(PEDIATRIC ADVANCED LIFE SUPPORT)
2025/2026 UPDATED
COMPREHENSIVE EXAM AND STUDY GUIDE
Capillary refill
Capillary refill time is the time it takes for blood to return to tissue blanched by pressure. It
increases as skin perfusion decreases. Note that normal capillary refill time is 2 seconds or less,
and a prolonged capillary refill time may indicate low cardiac output
Evaluate capillary refill in a neutral thermal environment (ie, room temperature) by
• Lifting the extremity slightly above the level of the heart
• Pressing on the skin
• Rapidly releasing the pressure
BGL in pediatrics
Hypoglycemia refers to blood glucose 45 mg/dL or less in the newly born and 60 mg/dL or less
in a child.
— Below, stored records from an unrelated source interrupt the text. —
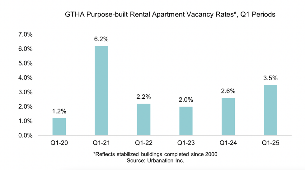 In Toronto, vacancy rates reached 3.7% in Q1-2025, according to data from Urbanation, and rents have fallen 5.5% on a year-over-year basis to $2,606 as of May, according to data from Rentals.ca and Urbanation.
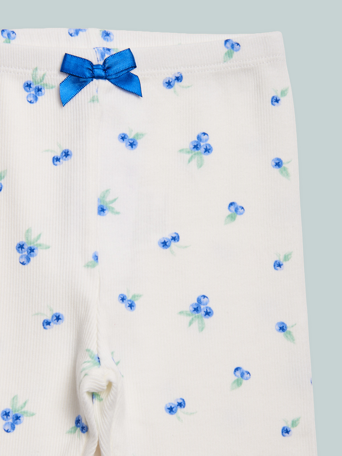 Leggings in morbido tessuto costina con vita elasticata per maggiore comoditร , fantasia mirtilli. Il fiocco in raso in vita dona al capo un aspetto estremamente fashion. Ideali da indossare tutti i giorni.
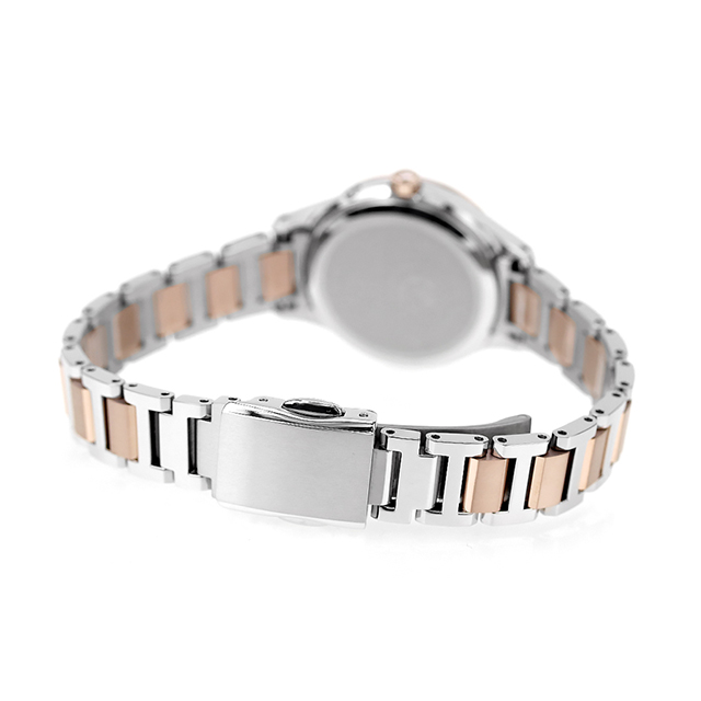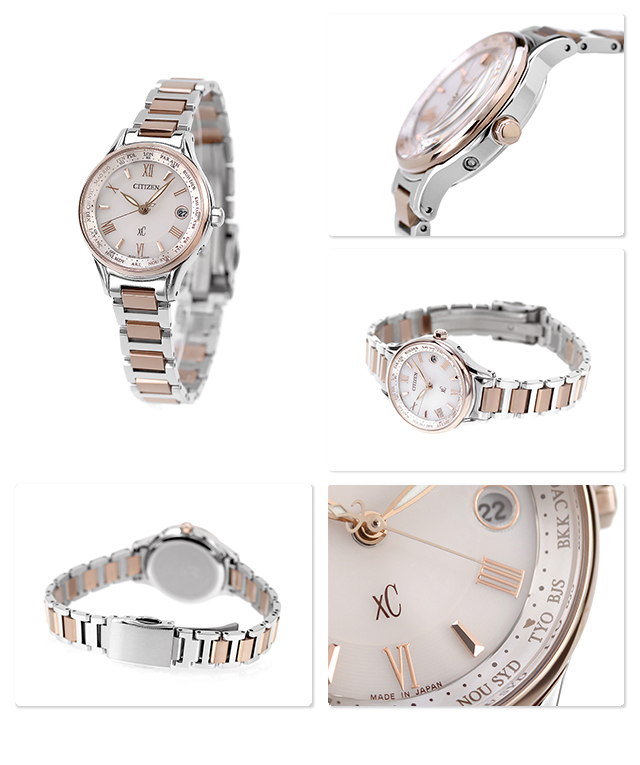 正規品 7年保証キャンペーン 送料無料 シチズン クロスシー エコ・ドライブ電波時計 ティタニアライン ハッピーフライト サクラピンクツートン* 電波ソーラー レディース 腕時計 EC1165-51W CITIZEN xC TITANIA LINE HAPPY FLIGHT アナログ シルバー×サクラピンク* チタン エターナルプラチナ◆クロスシーは北川景子さんがイメージキャラクターのブランドです。「Bloom」をテーマにデザイン。ありのままで前を向いて歩いていけば、きっと自分らしい花が咲く。そんな想いを込めました。サクラピンク*とプラチナ配合のツートーンカラー、華奢で繊細なケースラインにすっきりエレガントなワイドオープンの文字盤にやさしい印象のオリジナルフォントを採用。都市表記には、持ち主の願いが花ひらくようにと想いを込め「BLOOM」の隠し文字。4時と5時の間(TYO)には桜の花びらをあしらっています。ベーシックなデザインの中にも女性らしい繊細さが宿った腕時計です。 *サクラピンク、Sakura pinkは、シチズン時計株式会社の商標です。 発売日:2018年10月発売

It may result in brain injury if not recognized and effectively treated. Base treatment
decisions on patient symptoms, and potentially include oral glucose. Monitor the blood glucose
concentration of any seriously ill infant or child. A low blood glucose concentration may cause
altered level of consciousness or even brain injury if it is not quickly identified and adequately
treated. Measure the blood glucose concentration with a point-of-care glucose test.
Important factors associated with increased work of breathing:
• Increased airway resistance (upper and lower)
• Decreased lung compliance
• Use of accessory muscles of respiration
• Disordered central nervous system control of breathing
Airway resistance
• Airway resistance, or the impedance to airflow within the airways, is primarily increased by
reducing the size of the conducting airways, either by airway constriction or inflammation.
Turbulent airflow also causes increased airway resistance. Airflow may become turbulent when
the flow rate increases, even if the airway size remains unchanged. When airway resistance
increases, work of breathing increases in an attempt to maintain airflow despite the increase in
airway resistance.
,• Larger airways provide lower resistance to airflow than smaller. Airway resistance decreases as
lung volume increases (inflation) because airway dilation accompanies lung inflation.
• Conditions such as edema, bronchoconstriction, secretions, mucus, or a mediastinal mass
impinging on large or small airways can decrease airway size, thereby increasing airway
resistance.
• Resistance in the upper airway, particularly in the nasal or nasopharyngeal passages, can
represent a significant portion of tot
Lung compliance
• Compliance refers to the distensibility of the lung, chest wall, or both. Specifically, lung
compliance is defined as the change in lung volume produced by a change in driving pressure
across the lung. When lung compliance is high, the lungs easily inflate, a large change in volume
produced by a slight change in driving pressure.
• The lungs are stiffer in a child with low lung compliance, so it takes more effort to inflate them.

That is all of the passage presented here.